ENTRIES SUPPLIED:
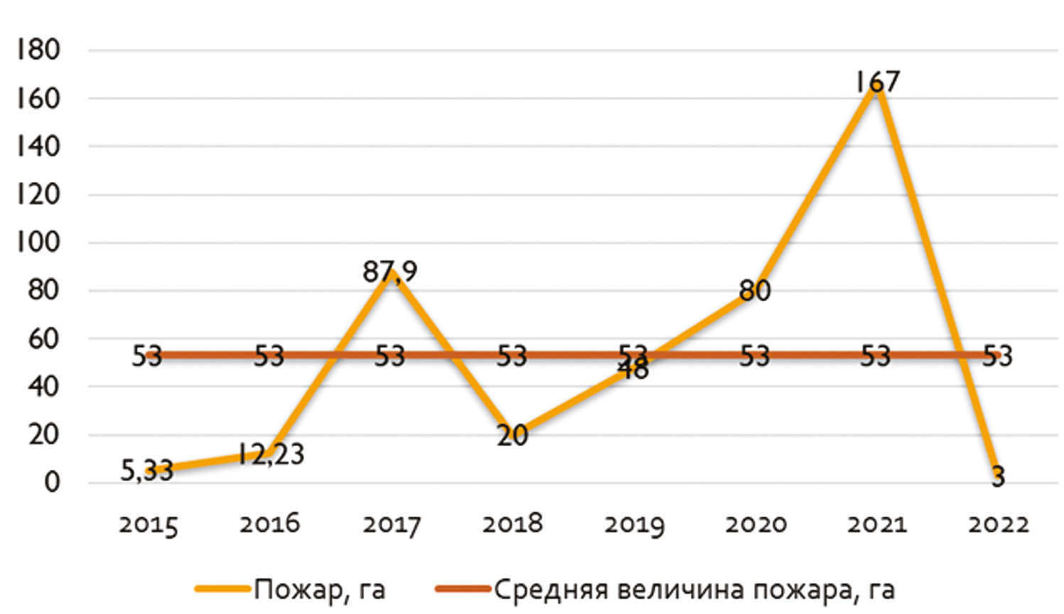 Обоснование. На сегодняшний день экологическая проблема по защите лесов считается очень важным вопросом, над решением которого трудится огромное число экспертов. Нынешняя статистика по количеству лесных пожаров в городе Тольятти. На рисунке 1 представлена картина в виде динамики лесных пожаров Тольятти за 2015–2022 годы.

---

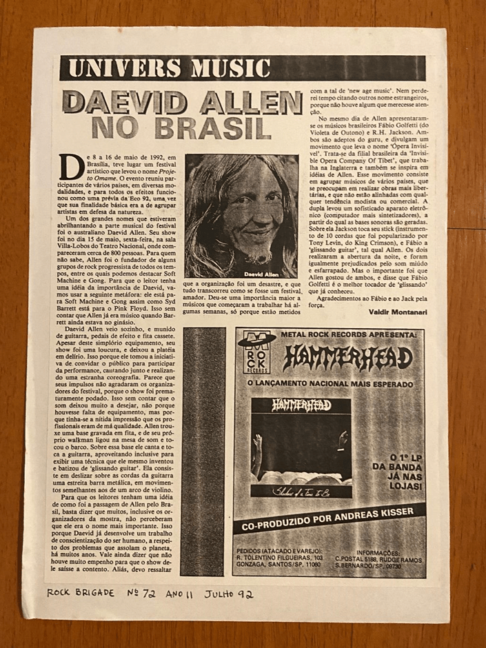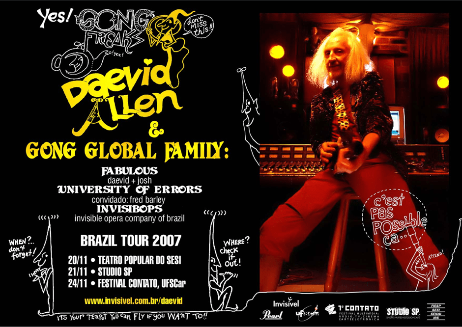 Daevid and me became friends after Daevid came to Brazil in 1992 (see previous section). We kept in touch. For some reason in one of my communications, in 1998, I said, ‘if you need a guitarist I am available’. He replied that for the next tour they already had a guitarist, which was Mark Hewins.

...

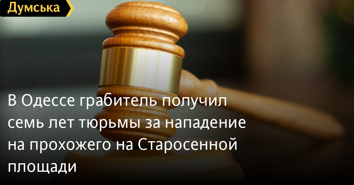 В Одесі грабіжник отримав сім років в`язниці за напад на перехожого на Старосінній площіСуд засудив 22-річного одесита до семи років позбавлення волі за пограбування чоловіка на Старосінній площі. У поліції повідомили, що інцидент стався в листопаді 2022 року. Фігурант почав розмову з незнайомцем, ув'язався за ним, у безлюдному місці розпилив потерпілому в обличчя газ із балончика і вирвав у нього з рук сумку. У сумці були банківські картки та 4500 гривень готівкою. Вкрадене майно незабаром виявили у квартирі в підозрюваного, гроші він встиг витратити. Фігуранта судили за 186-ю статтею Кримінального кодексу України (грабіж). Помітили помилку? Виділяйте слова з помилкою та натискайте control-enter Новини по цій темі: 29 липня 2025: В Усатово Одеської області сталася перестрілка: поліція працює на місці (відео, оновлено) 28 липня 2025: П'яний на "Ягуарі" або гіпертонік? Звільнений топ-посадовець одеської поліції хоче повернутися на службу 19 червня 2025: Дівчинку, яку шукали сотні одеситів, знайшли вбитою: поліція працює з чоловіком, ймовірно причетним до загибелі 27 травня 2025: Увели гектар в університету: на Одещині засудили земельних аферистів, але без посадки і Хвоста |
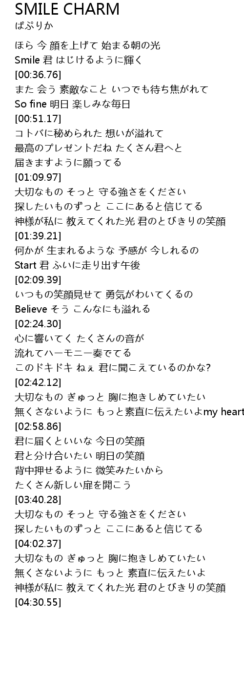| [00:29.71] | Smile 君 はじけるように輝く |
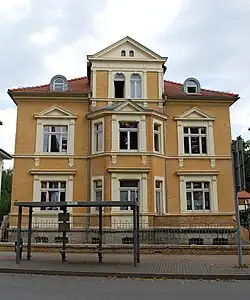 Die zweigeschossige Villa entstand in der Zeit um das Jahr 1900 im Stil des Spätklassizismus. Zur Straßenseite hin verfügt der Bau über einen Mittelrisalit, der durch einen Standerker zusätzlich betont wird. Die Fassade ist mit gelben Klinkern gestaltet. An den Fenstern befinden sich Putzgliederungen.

WHAT TO PRODUCE: Above are the records. Copy word for word only their lines from the one holding "君 はじけるように輝く |" through the one holding "Die zweigeschossige Villa", both included, and skip the images.

ANSWER SECTION:
| [00:29.71] | Smile 君 はじけるように輝く |
 Die zweigeschossige Villa entstand in der Zeit um das Jahr 1900 im Stil des Spätklassizismus. Zur Straßenseite hin verfügt der Bau über einen Mittelrisalit, der durch einen Standerker zusätzlich betont wird. Die Fassade ist mit gelben Klinkern gestaltet. An den Fenstern befinden sich Putzgliederungen.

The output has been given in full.